Collected material:
####################

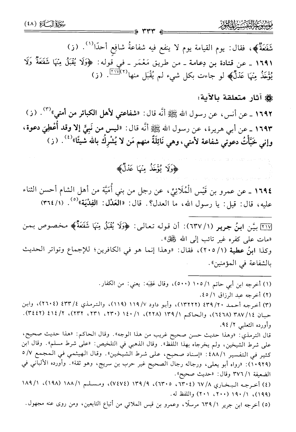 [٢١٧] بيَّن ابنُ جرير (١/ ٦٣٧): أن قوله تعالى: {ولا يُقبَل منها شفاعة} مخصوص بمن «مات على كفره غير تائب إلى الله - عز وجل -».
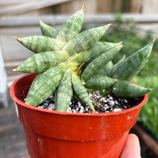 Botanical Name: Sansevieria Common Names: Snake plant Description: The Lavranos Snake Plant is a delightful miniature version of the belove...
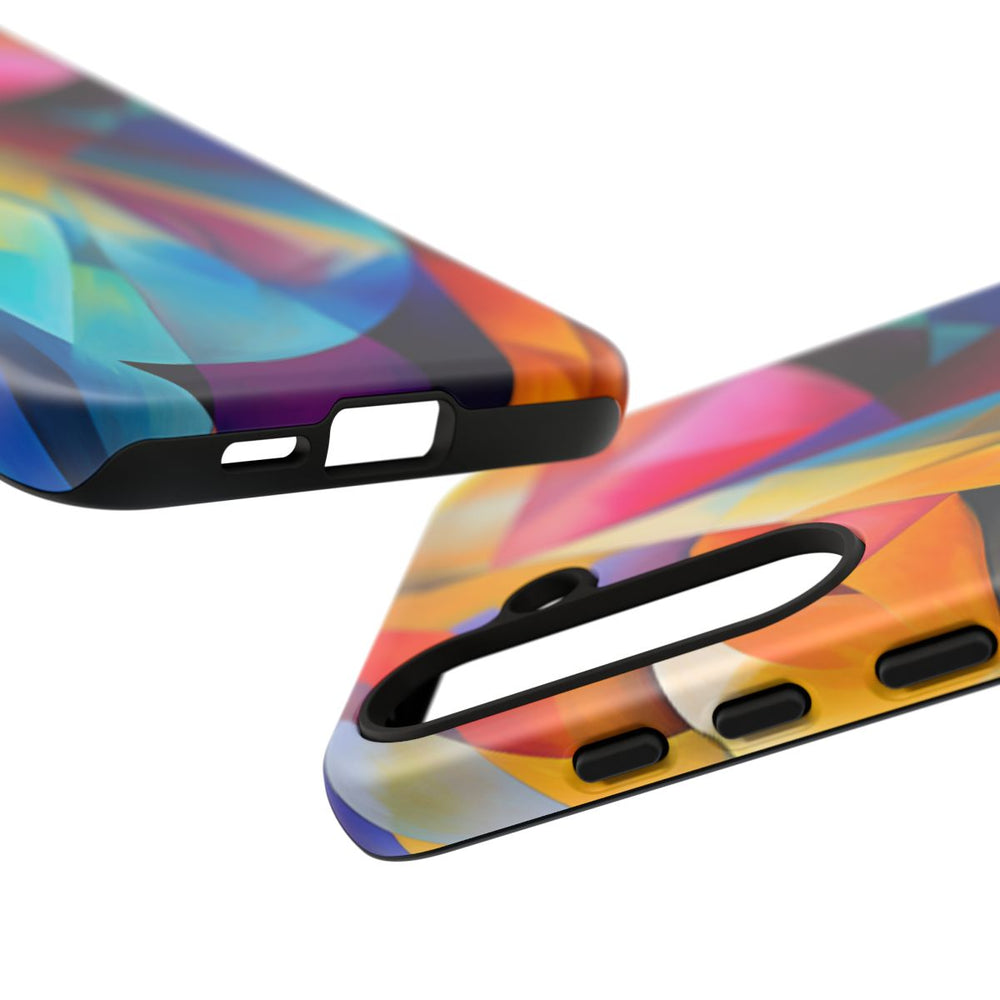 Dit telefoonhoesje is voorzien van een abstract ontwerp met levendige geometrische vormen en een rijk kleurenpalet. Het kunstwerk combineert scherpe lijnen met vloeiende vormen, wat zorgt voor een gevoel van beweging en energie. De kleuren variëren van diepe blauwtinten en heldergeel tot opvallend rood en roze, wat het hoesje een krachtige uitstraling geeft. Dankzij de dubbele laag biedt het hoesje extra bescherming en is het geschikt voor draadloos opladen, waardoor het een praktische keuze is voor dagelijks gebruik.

####################

Exercise directions: Since the pictures are not wanted, transcribe the rest of the listing above exactly.

Solution for this problem:
 [٢١٧] بيَّن ابنُ جرير (١/ ٦٣٧): أن قوله تعالى: {ولا يُقبَل منها شفاعة} مخصوص بمن «مات على كفره غير تائب إلى الله - عز وجل -».
 Botanical Name: Sansevieria Common Names: Snake plant Description: The Lavranos Snake Plant is a delightful miniature version of the belove...
 Dit telefoonhoesje is voorzien van een abstract ontwerp met levendige geometrische vormen en een rijk kleurenpalet. Het kunstwerk combineert scherpe lijnen met vloeiende vormen, wat zorgt voor een gevoel van beweging en energie. De kleuren variëren van diepe blauwtinten en heldergeel tot opvallend rood en roze, wat het hoesje een krachtige uitstraling geeft. Dankzij de dubbele laag biedt het hoesje extra bescherming en is het geschikt voor draadloos opladen, waardoor het een praktische keuze is voor dagelijks gebruik.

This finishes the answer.